Pushing Files

The info cluster synchronizes files between the different web servers with the wwwpush command (which is called when using the -push flag with wwwuinst or wwwdinst, the tool used to install files). The same mechanism is used to synchronize FTP files, but for simplicity this document will only refer to the web servers.

The main program used to synchronize files is rdist, a UNIX program. The host info.cac.washington.edu ("info" in this document) is the rdist client and the web servers are the rdist servers (because the rdist command is initiated on the host info). Much terminology specific to rdist is used in this document; the terms are explained in the rdist documentation.

Usually files and directories are pushed by content developers, but all directories are automatically pushed every morning, forcing everything to be in sync.

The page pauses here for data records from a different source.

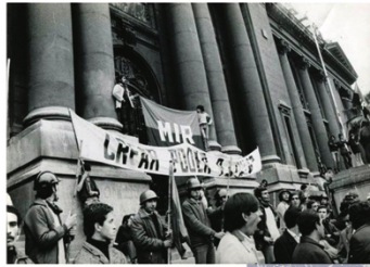
Arriba: manifestación de los años 70 en Santiago de Chile - MIR

Sede de Investigación y/o Pertenencia Institucional: Universidad de Buenos Aires, Facultad de Arquitectura, Diseño y Urbanismo, Programa Urbanismo y Ciudad / Instituto Superior de Urbanismo, Territorio y Ambiente + Instituto de Espacialidad Humana + Gestión Urbana Contemporánea cátedra Szajnberg / Unidad de Investigación: Planeamiento Urbano y Regional.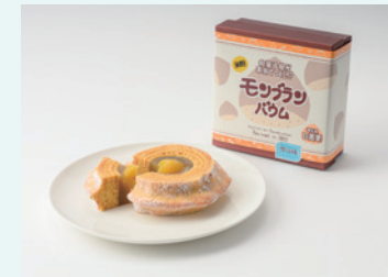
有限会社 栗こま娘本舗亀屋 和菓子屋が本気で作る!? モンブランバウム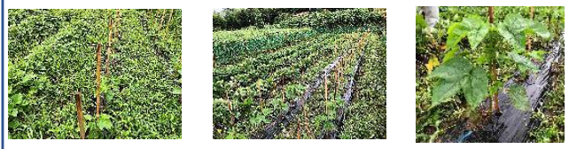
Befor草刈前 ⇒ After草刈後 棉も40cmに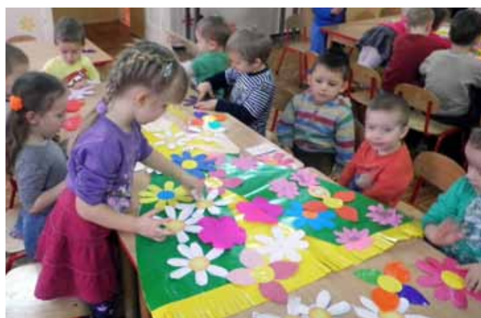
Przedszkole Samorządowe w Pustkowie Żurawskim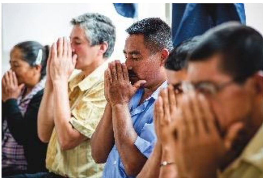
Participantes del taller en Samaniego, Nariño. Ejercicio para activar la respiración por medio de una esencia herbal. Octubre de 2015.

Expresamos también un sincero agradecimiento a las organizaciones que nos ayudaron con las convocatorias de las personas participantes, nos acompañaron en las actividades y posibilitaron que los talleres se llevaran a cabo. En particular, expresamos nuestro reconocimiento a DAICMA (Dirección de Acción Integral contra Minas Antipersonal), Campaña Colombiana Contra Minas, Fundación Tierra de Paz, Pastoral Social (SEPASVI en Nariño), Cruz Roja Colombiana y las asociaciones de víctimas de MAP y REG de Samaniego (Nariño), Arauca, Cúcuta (Norte de Santander) y Antioquia por su generosidad y los esfuerzos para reunir a las personas convidadas y receptividad ante la petición de los lugares acogedores y cómodos para desarrollar los talleres.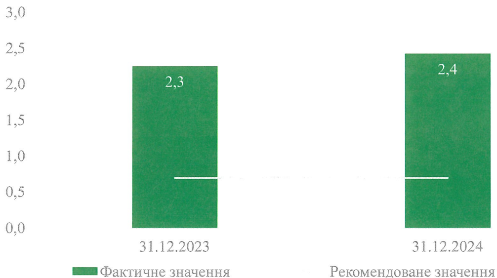
Рисунок 3.1. Коефіцієнт швидкої ліквідності

Коефіцієнт швидкої ліквідності показує наскільки ліквідні кошти підприємства покривають його короткострокову заборгованість. В ліквідні активи підприємства включаються всі оборотні активи підприємства, за винятком товарно-матеріальних запасів. Рекомендоване значення даного показника від 0,7-0,8 до 1,5. Станом на 31.12.24 ліквідні кошти Товариства покривають його короткострокову заборгованість на 100% (на 31.12.23 – 100%).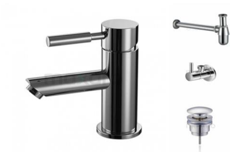
Varono Waschtischarmatur Serie Cinqua 55.003.561

The steps involved in using the wwwpush command are:

  1. User runs wwwpush on a compute server. After doing rudimentary checks to ensure the arguments passed to the command line are correct, the user is asked for his or her password which causes the effective user ID to change to a central user.
  2. As the central user, wwwpush sends to info's push daemon a list of the file paths to push.
  3. Once the push daemon sees a connection as the central user, it makes sure the other host is on its list of approved hosts, rejecting the connection if not.
  4. The push daemon sets a lock on the files and/or directories which will be pushed. If any files are already locked, wait until they are available.
  5. The daemon will check the files which will be pushed to make sure that they are at least world readable. This is necessary because some versions of rdist become confused if it does not have read access to the files on the local (info's) filesystem.
  6. Next, the push daemon builds distfiles which will tell rdist what files to send to what hosts.
  7. An rdist lock is obtained by the push daemon. Rather than being an exclusive lock, there are only so many slots available. If they are all taken, wait until one is available.
  8. The rdist processes are started in parallel. For pushing to the web servers, dedicated push hosts do the actual rdist commands, which increases throughput.
  9. Output from rdist is sent back to the user (each line prepended with a timestamp and the destination host).
  10. The rdist and file locks are released.

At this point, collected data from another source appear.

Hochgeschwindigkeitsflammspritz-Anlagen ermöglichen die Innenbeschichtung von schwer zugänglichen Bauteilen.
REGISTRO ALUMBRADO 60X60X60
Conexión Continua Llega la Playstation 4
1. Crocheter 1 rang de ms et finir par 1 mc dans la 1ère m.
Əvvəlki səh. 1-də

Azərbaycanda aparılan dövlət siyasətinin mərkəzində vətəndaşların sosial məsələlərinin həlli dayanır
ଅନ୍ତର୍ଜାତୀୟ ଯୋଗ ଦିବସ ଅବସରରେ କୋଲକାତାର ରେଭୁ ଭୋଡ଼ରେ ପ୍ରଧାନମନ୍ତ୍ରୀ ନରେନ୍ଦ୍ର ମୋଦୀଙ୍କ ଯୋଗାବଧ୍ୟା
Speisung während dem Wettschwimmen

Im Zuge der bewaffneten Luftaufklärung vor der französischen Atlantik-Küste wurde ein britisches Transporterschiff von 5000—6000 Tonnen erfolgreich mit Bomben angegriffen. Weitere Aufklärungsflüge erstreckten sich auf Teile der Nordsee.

The major steps are described in detail below.

Locking Files

The locking mechanism on info affects both files and directories. If a directory is locked, then all files under that directory are implicitly locked too. If a file is locked, then any of its parent directories are also implicitly locked.

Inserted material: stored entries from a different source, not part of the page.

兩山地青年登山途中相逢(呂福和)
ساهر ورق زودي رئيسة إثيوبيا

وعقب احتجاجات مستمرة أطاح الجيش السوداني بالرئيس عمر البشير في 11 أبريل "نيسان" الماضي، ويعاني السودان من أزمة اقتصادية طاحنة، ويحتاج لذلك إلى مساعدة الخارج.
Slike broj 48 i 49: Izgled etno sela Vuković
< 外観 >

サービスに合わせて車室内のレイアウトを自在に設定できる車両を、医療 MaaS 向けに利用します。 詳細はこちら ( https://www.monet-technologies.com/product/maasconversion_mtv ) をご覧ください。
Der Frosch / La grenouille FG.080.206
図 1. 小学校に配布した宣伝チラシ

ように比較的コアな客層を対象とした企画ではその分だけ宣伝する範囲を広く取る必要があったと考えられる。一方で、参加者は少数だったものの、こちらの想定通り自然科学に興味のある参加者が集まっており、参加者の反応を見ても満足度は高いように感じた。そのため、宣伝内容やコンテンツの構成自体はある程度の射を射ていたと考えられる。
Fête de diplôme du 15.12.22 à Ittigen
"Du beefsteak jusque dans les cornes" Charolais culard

For example, if the path world/webinfo/behind/ is locked, then a request to lock world/webinfo/behind/push.html will need to wait until the directory is unlocked. Likewise, if world/webinfo/behind/push.html is locked, a request to lock world/webinfo/behind/ will not be granted until the file is unlocked.

Building distfiles

To tell rdist what files to send to the web servers, the push mechanism builds one or more distfiles. To form a basis for these distfiles, info contains a skeleton distfile named distfile.skel. For the web servers, there are several distfile.skel files which are used to build distfiles to the different kinds of web servers; if a push command involves files which are not used by a particular distfile.skel, that file is skipped.

The distfile.skel has a list of files which should not be sent to that particular server. When distfiles are built, files to push which are in the exception list (or match the exception patterns) are not added as source files. Target hostnames are also not added, since those will be defined on the command line. The generated distfiles are stored in a temporary area with unique names (so multiple push processes don't overwrite each other's distfiles).

Locking rdist slots

To prevent info from doing too many rdists at one time, info has an rdist locking mechanism which limits the number of push processes. Once a process is given an rdist slot, it can actually start as many rdist processes as it wants, so the maximum number of slots needs to be chosen to take this into account.

Parallel rdists

While the rdists can be done serially, doing them in parallel greatly increases performance, since much of the time rdist on info will be waiting for a response from the remote web server (which is either reading its directory and comparing files, or writing a new or updated file).

To further improve performance, multiple hosts are used to update the web servers, and each of these push servers runs parallel rdists.